Louis XIV qui s'opposait alors au pape sur la question des quartiers d'ambassade, et donc désireux d'affermir sa position, y répondit prestement. Il dépêcha Charles III, duc de Créquy, en tant qu'ambassadeur extraordinaire à Rome accompagné de plusieurs soldats.

La situation dégénéra alors que les soldats du duc passèrent à tabac et injurièrent deux gardes corses dans un cabaret romain, bien sur une sanction fut prononcée à l'encontre des auteurs de l'outrage mais elle ne fut pas du goût de Fabio Chigi, et encore moins à celui des gardes corses.

Ces derniers se rendirent sous les fenêtres de l'ambassadeur de France, place Farnèse quartier du Corso, afin de manifester leur mécontentement et aux échanges de noms d'oiseaux entre les parties succédèrent bientôt les coups de feu.

Malencontreusement les gardes corses dirigèrent le feu de leurs armes en direction du carrosse du Duc de Créquy et atteignirent mortellement un de ses pages.

Louis XIV ne manqua pas d'exploiter ce malheur et exigea immédiatement des sanctions exemplaires et une réparation. Alexandre VII refusa et en appela à l'arbitrage espagnol.

Pour peser sur les négociations, Louis XIV décida de réunifier les états d'Avignon (qui étaient alors sous domination papale, avignon était l'ancien siège de la papauté) à sa couronne et le pape dû céder.
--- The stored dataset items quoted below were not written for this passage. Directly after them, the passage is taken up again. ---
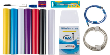 Con 6 rotoli extra di foglietti adesivi (colore: nero, bianco, rosso, verde, giallo chiaro, blu), 1 rotolo di carta ruvida (0,15 x 9 m/5,9" x 354.3"), 1 taglierino, 1 raschietto, 1 x Software SIGNMASTER, 1 x USB, 3 x Blade, 3 x Cavi, ecc. Le dimensioni compatte possono essere posizionate sul tavolo e facili da trasportare.
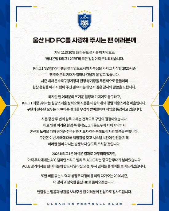 울산은 "지난 11월 30일 38라운드 경기를 마지막으로 하나은행 K리그1 2025의 모든 일정이 마무리됐다"면서 "K리그1 3연패와 디펜딩 챔피언스로서의 자부심을 가지고 시작한 2025시즌 팬 여러분의 기대가 얼마나 컸을지 잘 알고 있다. 시즌 내내 문수축구경기장과 원정 경기장을 푸른색으로 물들이며 힘찬 응원을 아끼지 않아 주신 팬 여러분께 먼저 깊은 감사의 말씀을 드린다"고 전했다.
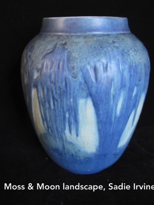 Moss & Moon Landscape, signed Sadie Irvine, potter Jonathan Browne Hunt, circa 1920's, 6.75" high, 6"width - perfect.
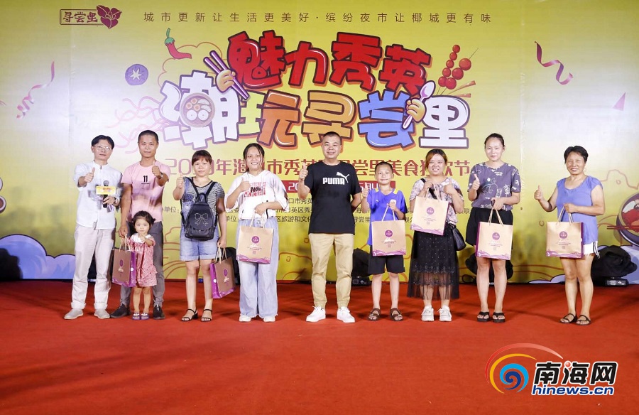 2019尋嘗里美食狂歡節答題獲獎的市民合影。南海網記者 姚皓 攝
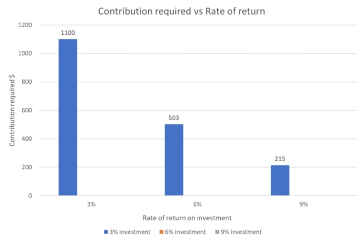 This shows you how critical the rate of return on your investment vehicle is in affecting how much you need to contribute each month. If your investment vehicle is generating a higher return per annum, you would require a lesser amount to contribute compared to if your investments generated a lower rate of return.
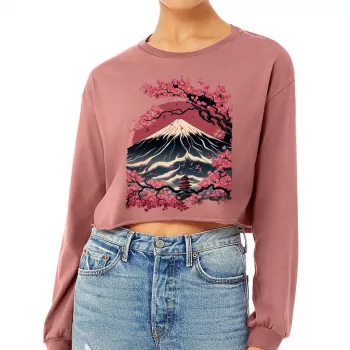 Japan Art Cropped Long Sleeve T-Shirt – Blossom Women’s T-Shirt – Landscape Long Sleeve Tee

Il envoya donc à la cour du roi de France le Cardinal Chigi présenter excuses et compliments, il accepta de dissoudre la garde corse et d'envoyer une partie de ses membres en galère et enfin de régler une somme d'argent pour dédommager le décès du page.

Louis XIV obtint également l'édification, en 1664 dans la grande cour du Vatican, d'une pyramide d'infamie dédiée au peuple corse qualifié de nation toujours infâme, odieuse aux peuples et désormais indigne de servir les rois.

Cette Pyramide de marbre noir ne fut détruite que 4 ans plus tard sur ordre du pape Clément IX qui la considérait comme une infamie inacceptable faite à l' égard des corses.

Du souvenir de cette histoire ne subsiste plus qu'une tapisserie exposée au château de Fontainebleau et une plaque de bronze au musée du Louvre.